Ekip
26 September 2015•Update: 26 September 2015
By CS Thana
BANGKOK
Thai courts have approved 17 new warrants in connection with a bombing in Bangkok last month that killed 20 people and injured more than 100 others.
The Bangkok Military Court approved the new orders, which included charges of premeditated murder and causing a deadly explosion, the Bangkok Post reported Saturday.
The charge of premeditated murder carries the death penalty.
A Metropolitan police spokesperson, who declined to be named citing regulation, told Anadolu Agency that the new warrants overlapped with previous ones for possession of bomb-making materials, but were issued because police had enough evidence to connect the bomb-making materials to the scene of the blast.
Thai police claimed Friday that a Uighur man already in custody on suspicion of involvement in the blast at a popular Hindu shrine is in fact the bomber.
Srivara Rangsi-prammanaku, head of Bangkok Police, told reporters that investigative teams had found enough evidence and witnesses to “definitely” prove that a man Thailand calls Adem Karadag – whose lawyer says is actually named Bilal Muhammed -- was the man seen in CCTV footage planting the Aug. 17 bomb at the Erawan Shrine.
The Uighur are a Muslim Turkic minority mostly from Xinjiang in northwestern China who claim their cultural and religious rights are curtailed by the Chinese authorities. Thousands have fled with the aid of people smugglers, some to settle in Turkey.
Muhammed was apprehended Aug. 29 in possession of a badly forged Turkish passport at the same apartment where bomb-making materials and hundreds of other fake Turkish passports were found.
Responding to the impending charges, Muhammed’s lawyer Choochart Khanphai told Anadolu Agency on Friday that the allegations “did not add up”, noting his client had been interrogated through the night earlier this week, just a day after being hospitalized.
Khanphai also maintained his client was not in the country at the time of the bombing.
“My client arrived in Thailand on Aug. 21, days after the bombing,” he said.
He added: “Muhammed knows nothing whatsoever about the bombing.”
He said his client was passing though Thailand to Malaysia, where he was looking for a job.
Khanphai claimed Muhammed -- one of three suspects arrested to date -- is a Turkish national, but said that he had admitted to traveling on a fake Turkish passport.

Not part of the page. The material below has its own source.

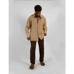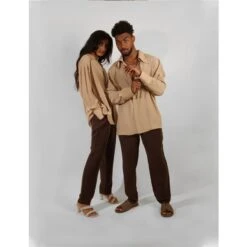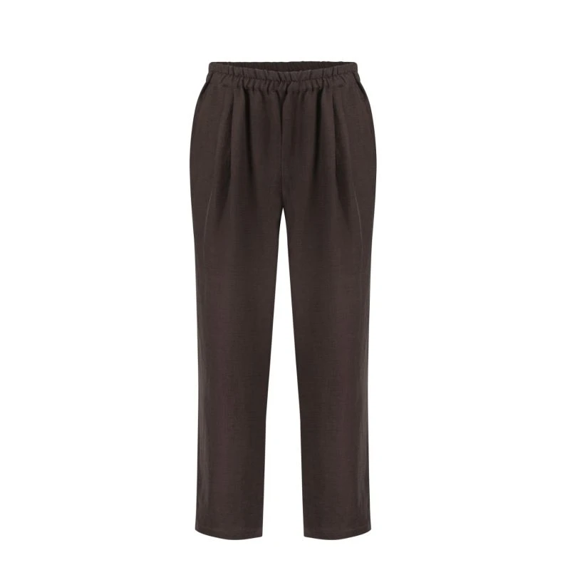 A brown unisex straight cut trouser. Crafted from a light-weight, breathable soft linen & cupro blend. Designed with an elastic waist & side pockets. 100% sustainable, 100% cruelty free. .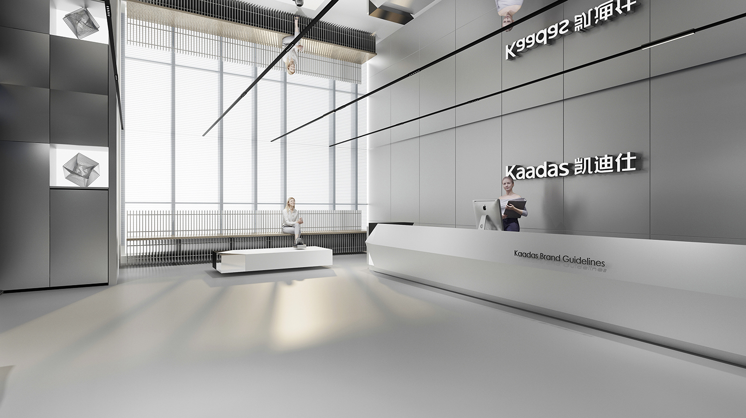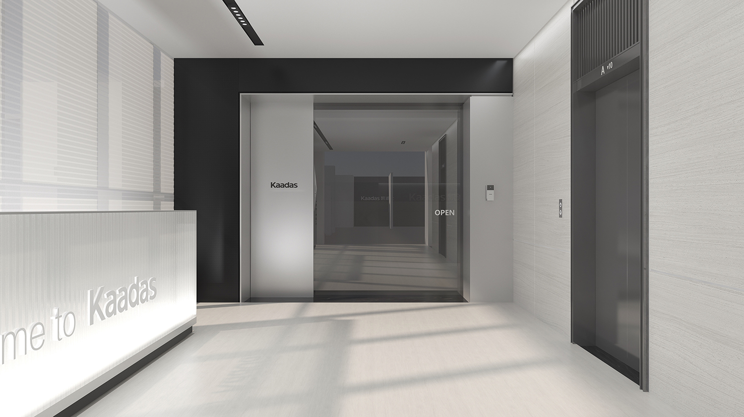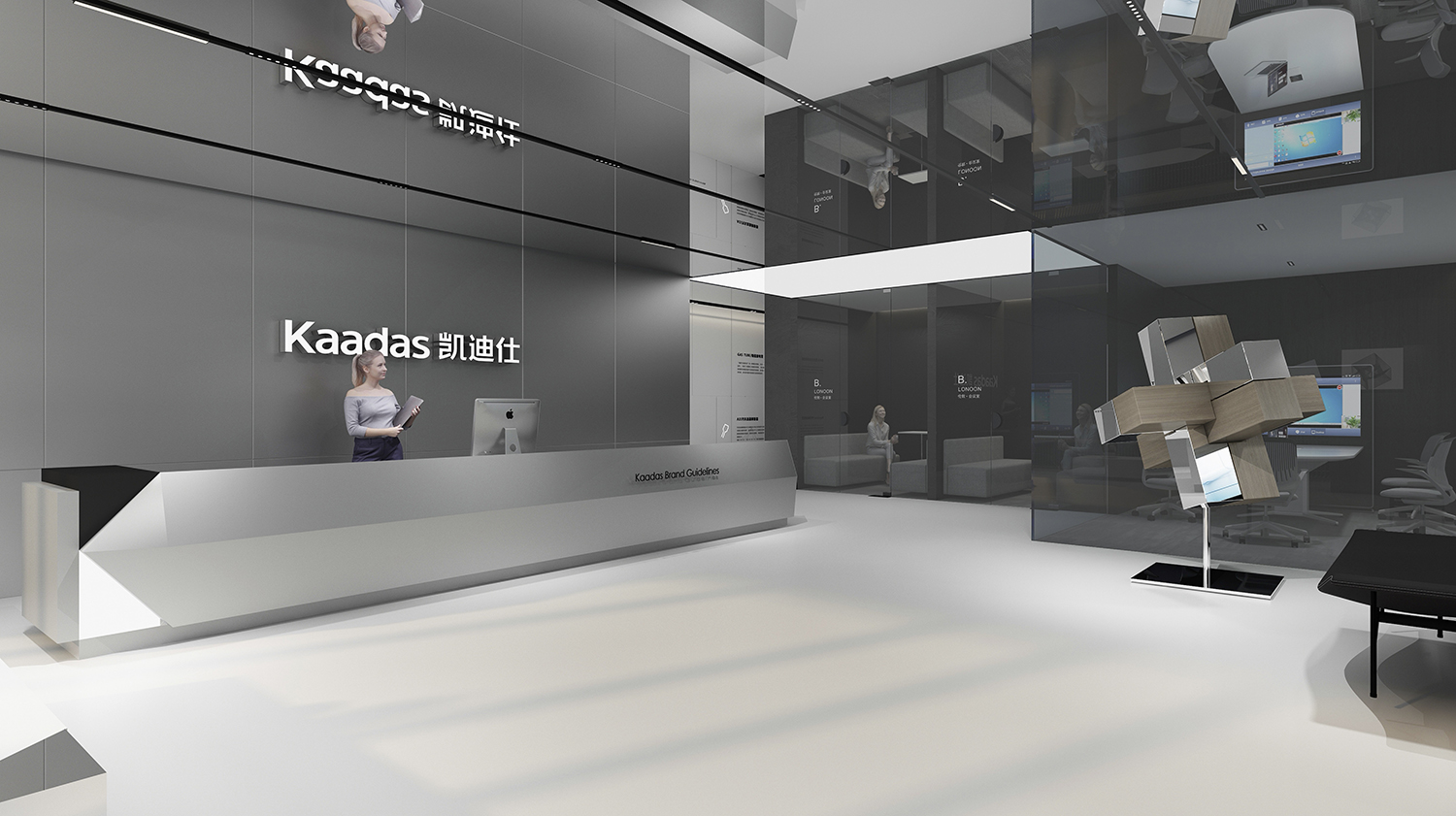 Kaadas凯迪仕作为一家专注于智能锁领域的全产业链公司,我们的设计理念旨在突显科技感、创新性,同时融入国际化的氛围。通过灰色和银色的极简色调,打造一个现代化、品质感极强的办公空间。

Khanphai has previously said that the 30-year-old was born in Xinjiang’s capital Urumqi and arrived in Turkey in 2004 where he gained citizenship and employment as a truck driver.
Since the explosion, the police investigation has focused on human trafficking gangs responsible for smuggling refugees from China to Turkey.
Police maintain the bombing was not an act of terrorism but a revenge attack by criminal elements upset at Thailand's crackdown on human trafficking.